Eclipse Rupert Penry-Jones in Eclipse PHOTO: ELLIE KURTTZ

We also meet Graham (Paul Thornley) Sarah’s partner who return to mow lawns and grab any time he can flirting with Julia (Katherine Bennett-Fox) the old man’s nurse. Soon Nell (Mariam Haque) also arrives. She’s Jonathan’s ex whom he spurned for her friend, now his partner, and her reluctant return creates a tension you could cut with a knife. Needless to say everyone behaves impeccably in this most English of plays.

Morton, as we know from his TV work, is a master of the pregnant pause, the non sequitur and the awkward exchange, all mediated through endless cups of tea. As they wander in and out of the kitchen, taking a break from the demanding patient, they exchange pleasantries with the milkman or the postman or discuss the weather, the roads (what routes they took), the toaster, the bins, but never the big stuff, as if they don’t have the language for that.

A mind-numbingly mundane exchange about yoghurt flavours favored by the patient drags on, building slowly until Jonathan’s hilarious but slightly guilty explosion. Morton paces all this beautifully and these slowly simmering scenes are genuinely funny. 

Although the central quartet here have an awful lot that remains unsaid, they are usually diverted from their attempts to speak by the casual interruptions of the day and night care workers Karen (Selina Cadell) and Linda (Lizzie Hopley), who are supporting the family. Cadell nails that blend of formality and warmth that carers must have while Lancastrian Linda provides some comic relief.  

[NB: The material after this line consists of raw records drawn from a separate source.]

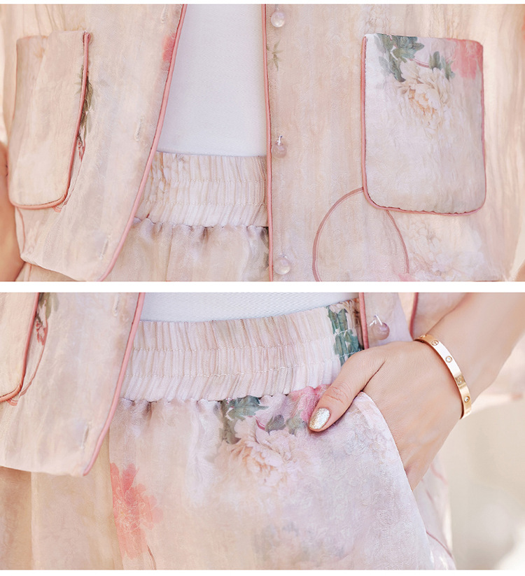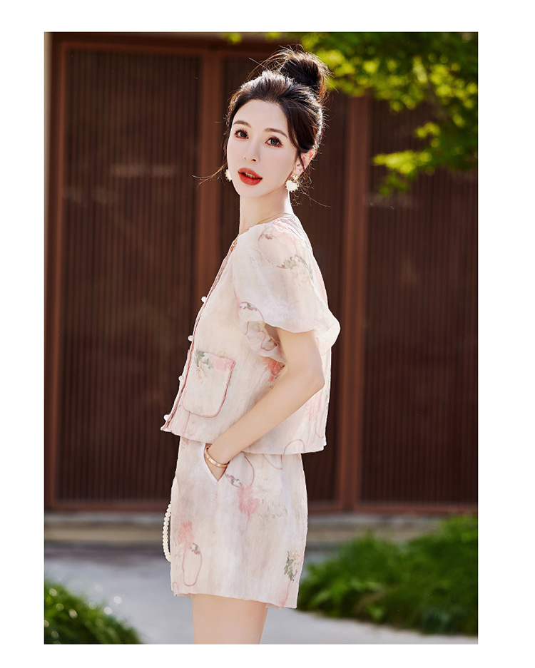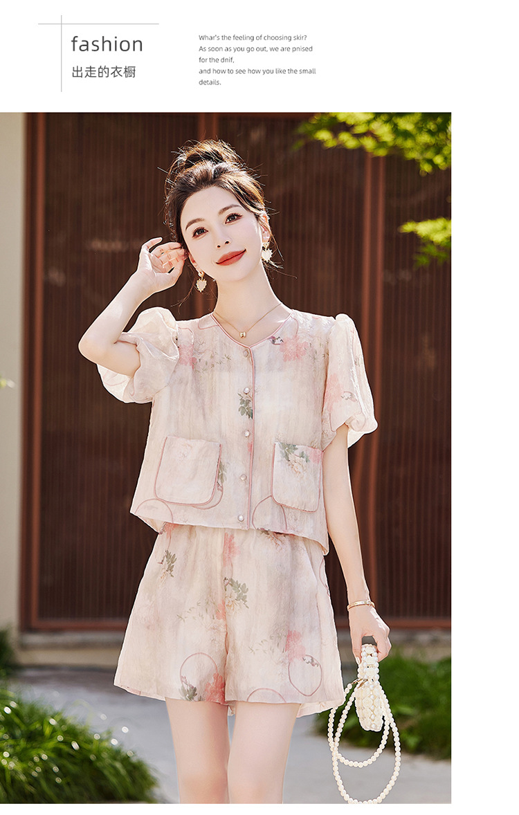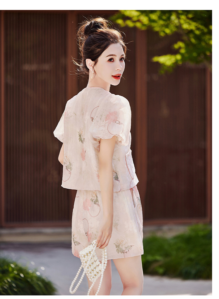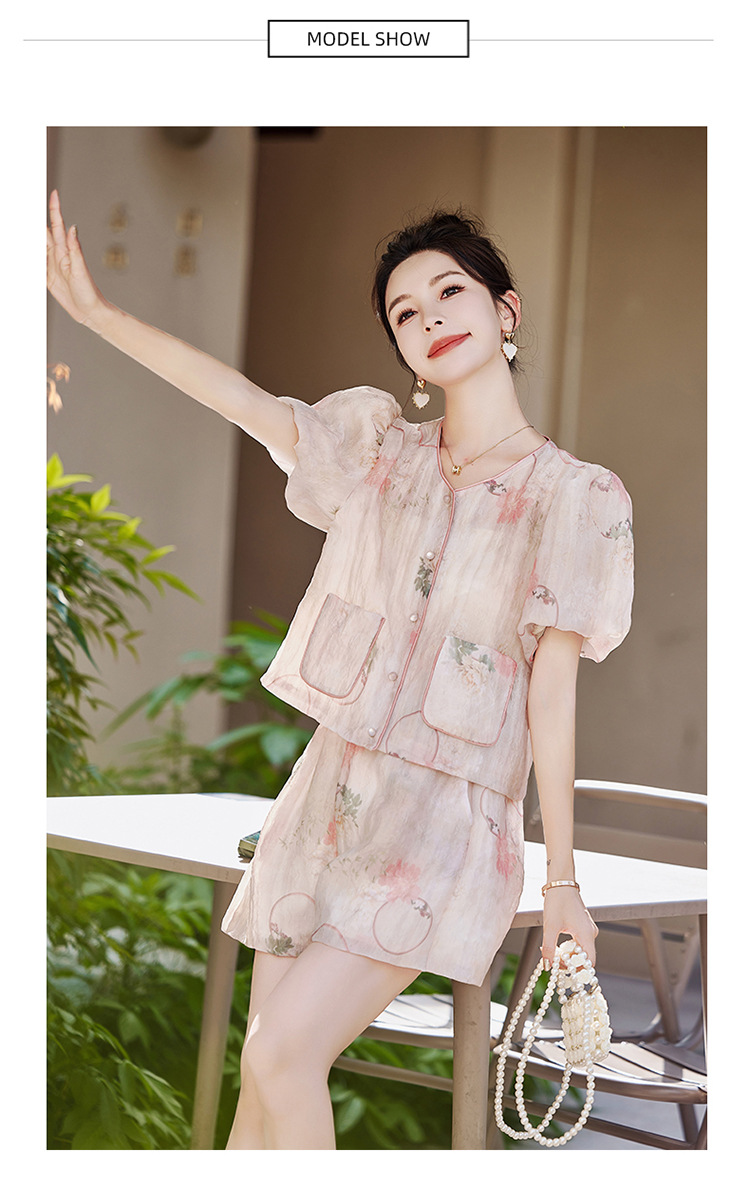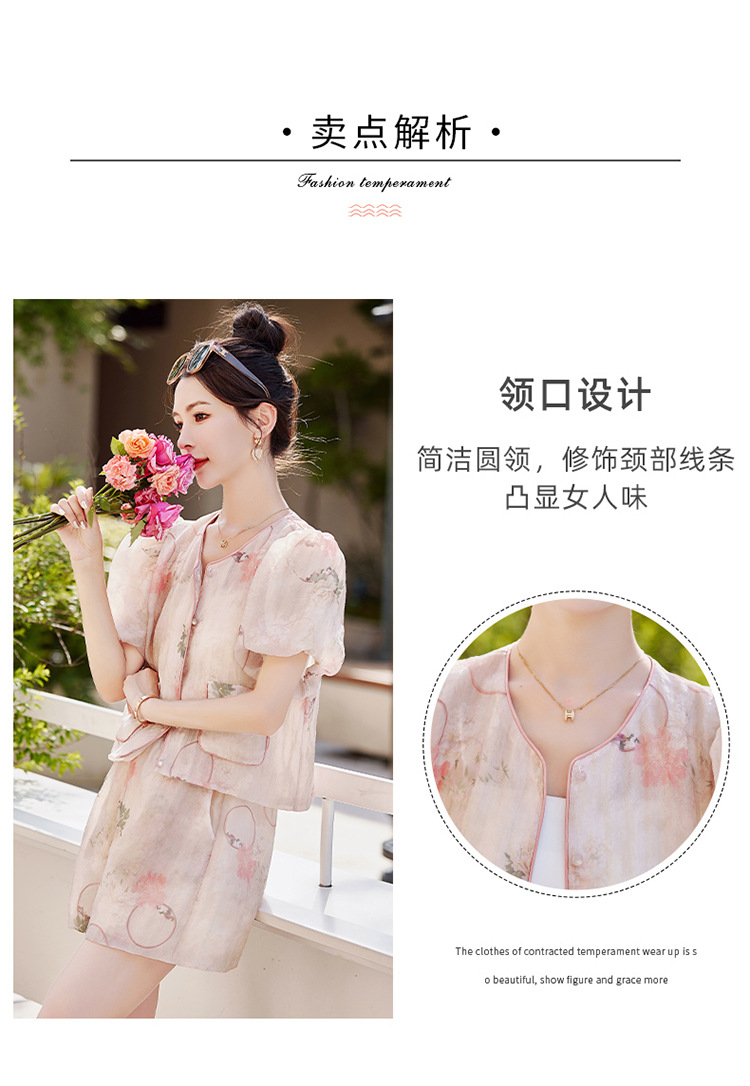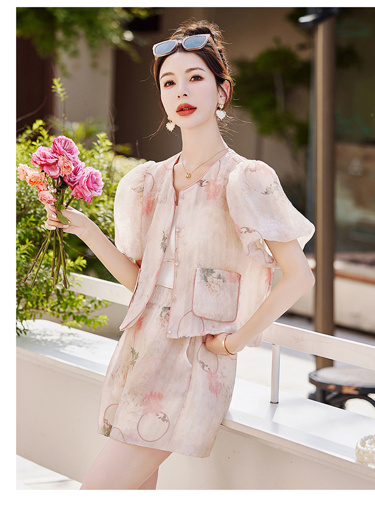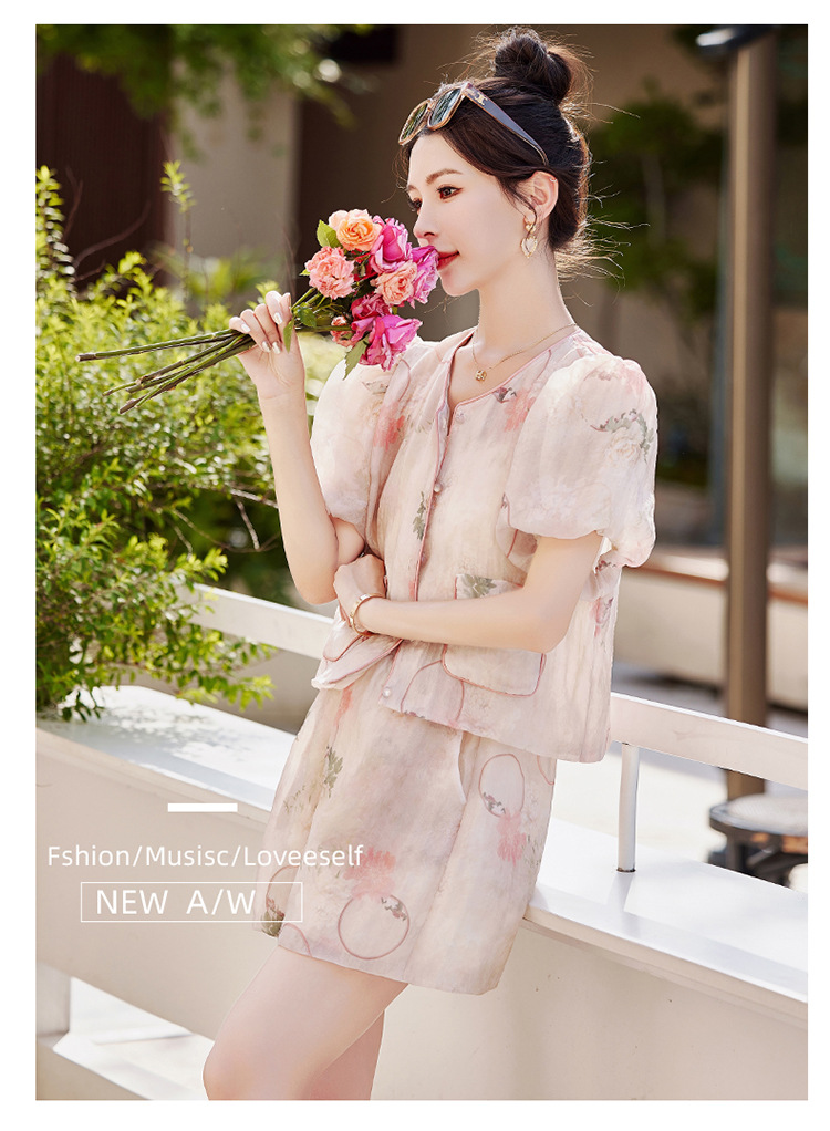 2024夏新款法式温柔小个子小香风短裤泡泡袖上衣两件套HR-HMG2869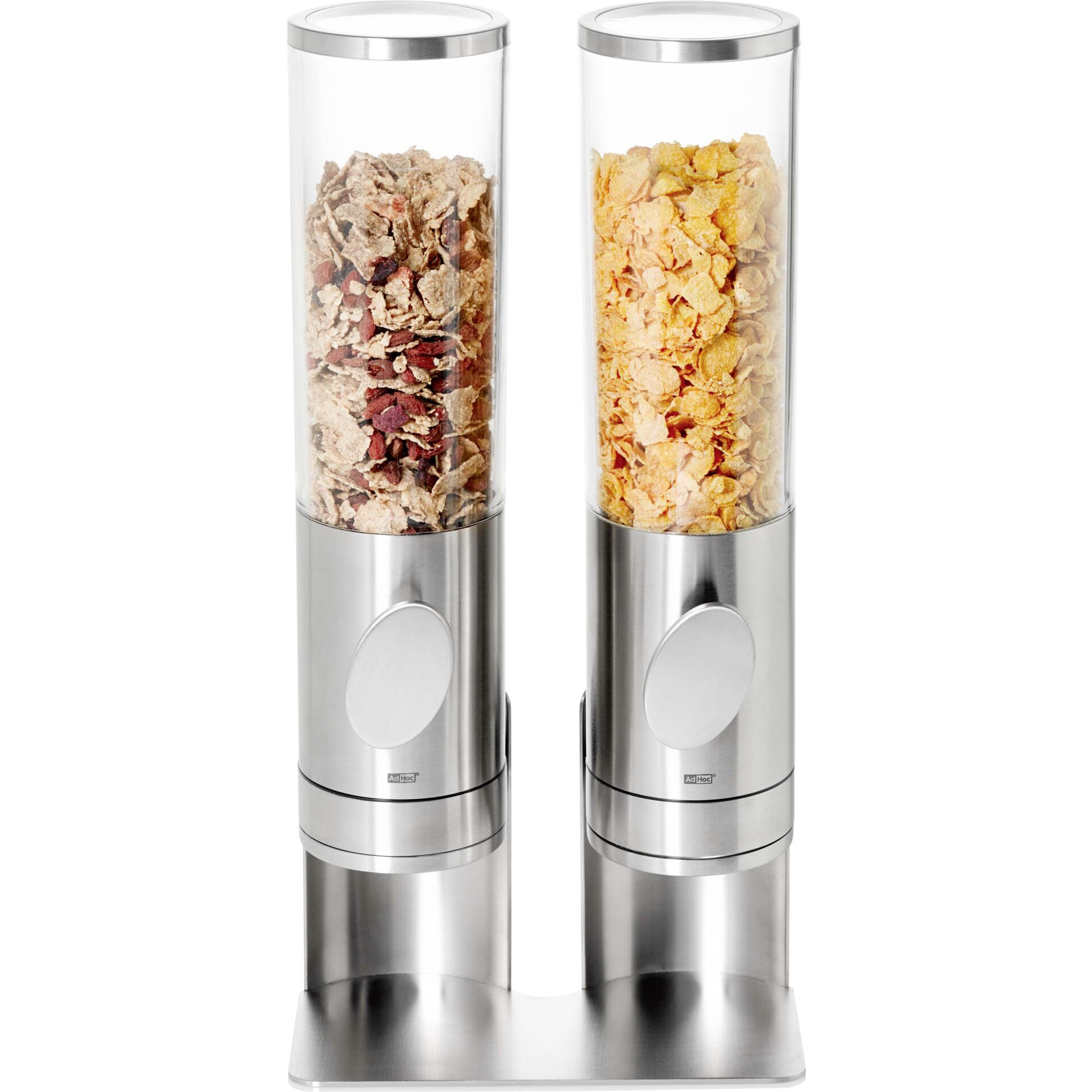 Edelstahl/Acryl. Mit Ständer. Volumen je ca. 1,5 Liter. Geeignet für Cerealien, Reis, Getreide, Süßigkeiten, Nüsse uvm. Zur Verwendung am Tisch ist der Spender abnehmbar. Krümelfreies, leichtes Portionieren. Aromaschutzkappe schützt die Lebensmittel und sorgt für eine saubere Arbeitsfläche. Einfache Reinigung.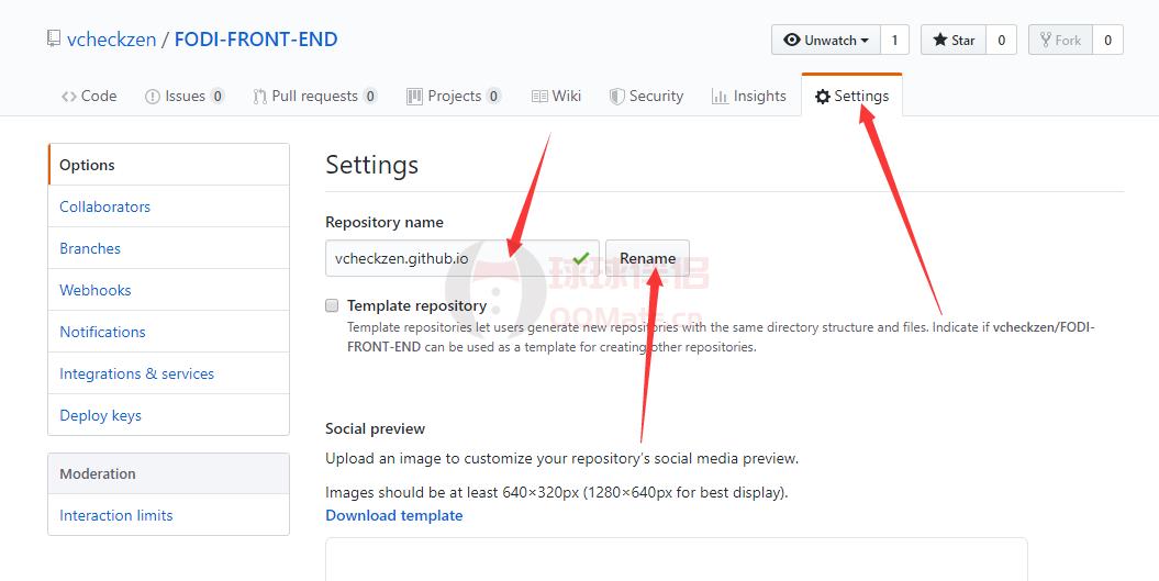 点击靠近页面右上角的 Settings,将 Repository name 改成 你的 Github 用户名.github.io,随后点击 Rename。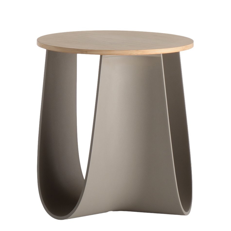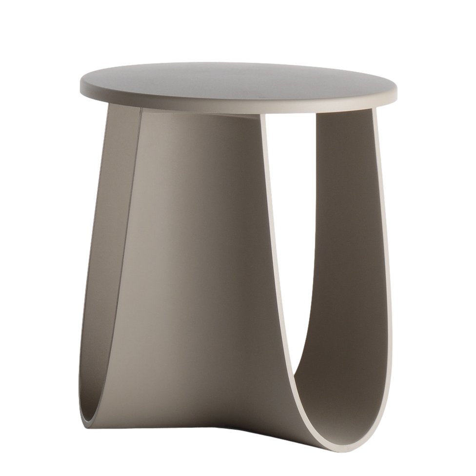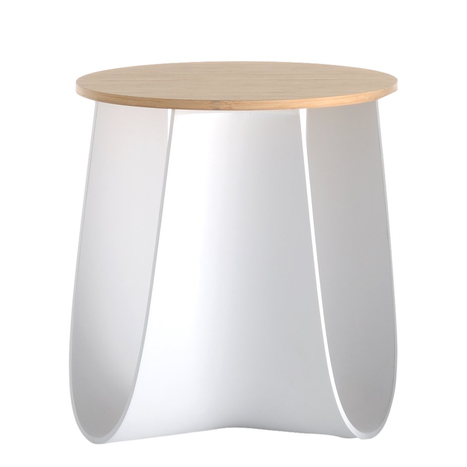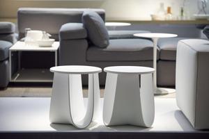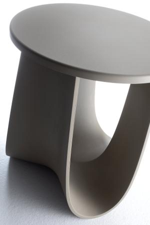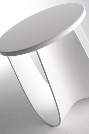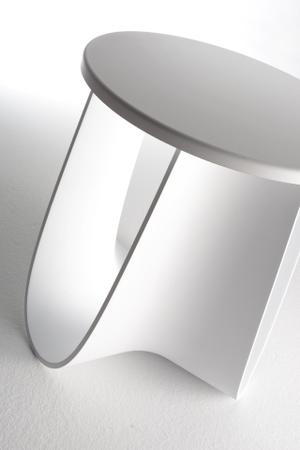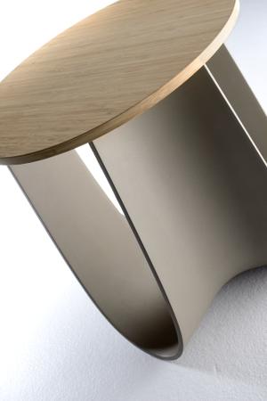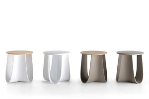 SAG kann als Hocker oder Beistelltisch genutzt werden. Besonders das Untergestell des Designobjekts fällt ins Auge. Es besteht nicht aus vier tragenden Säulen, sondern aus einem geschwungenen Ganzen, das an ein weich fallendes Stück Stoff erinnern soll.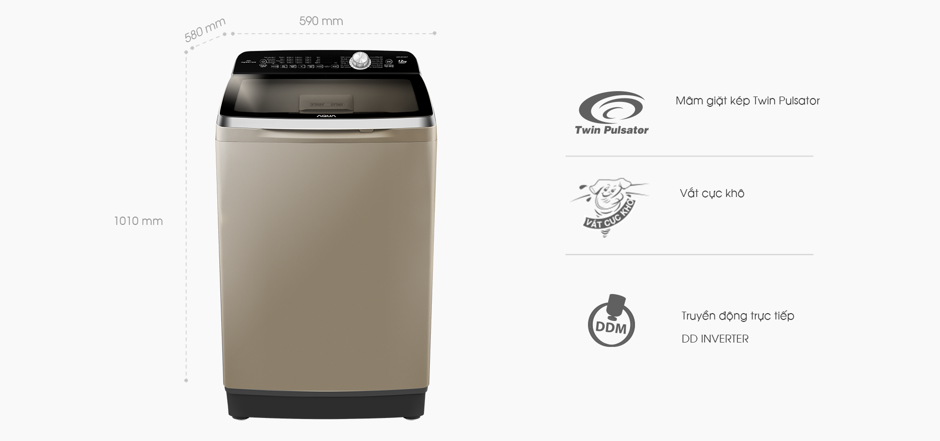 Khối lượng giặt (KG)9.5Thiết kế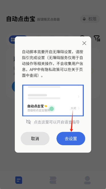 2、开启权限:进入首页后根据提示开启所需的权限,如悬浮窗权限、无障碍服务等。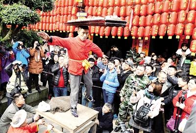 昨日,江津中山古鎮(zhèn)千米長宴現(xiàn)場,民間藝人大秀“頭頂傳菜”絕技。 本報記者 楊新宇 攝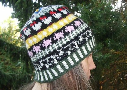 Inspired by the farm in the "Rosenheim Cops" this beanie came into existence. I had always liked to make up a blanket or sweater with a complete farm on it. Never dreamt about getting this on a beanie. But I did it! I chose the most traditional animals that you can find on a farm as the place on a beanie is somehow limited ;-) It has a corrugated two color ribbing in green and off-white, a row of cows (Brunhilde, Resi & Co), little fences, cute little pigs, an egg-peerie pattern and hens and at the top is the half-timbered farm house and the sun is shining on top of it. For smaller heads it will be a bit of a long beanie. For bigger heads more sort of a normal beanie.

You think that something this personal must be autobiographical and Morton indeed does acknowledge how inspired he was by the coterie of NHS and care workers who nursed his dying father, adding in a programme note that “some of whom were intentionally funny, some were unintentionally funny, but all were unbelievably kind”. 

The play mines a perfect seam of quiet humanity in the face of bereavement and at times is intensely moving. Penry-Jones has never been better, capturing the confusion and pain of Jonathan, while Parish (so brilliant in BBC’s Industry) gives us yet another case study in brittle, wounded, pride. She’s an astonishing actor, here embodying the familiar resentment of an angry middle-aged woman who has had enough being taken for granted by all the male family members but takes it out on her careless but well-intentioned partner. It all makes her final, crumbling, rapprochement with him, after her father slips away, even more powerful.  

Simon Higlett’s hyper-naturalistic set immerses us in a kitchen which betrays signs of neglect, (including a dangerous toaster) and the perfect English country garden in its full summer splendour. Emma Chapman’s lighting charts the passing of this long summer day, while Ed Clarke’s soundscape of piano music and dawn choruses complements the mood perfectly.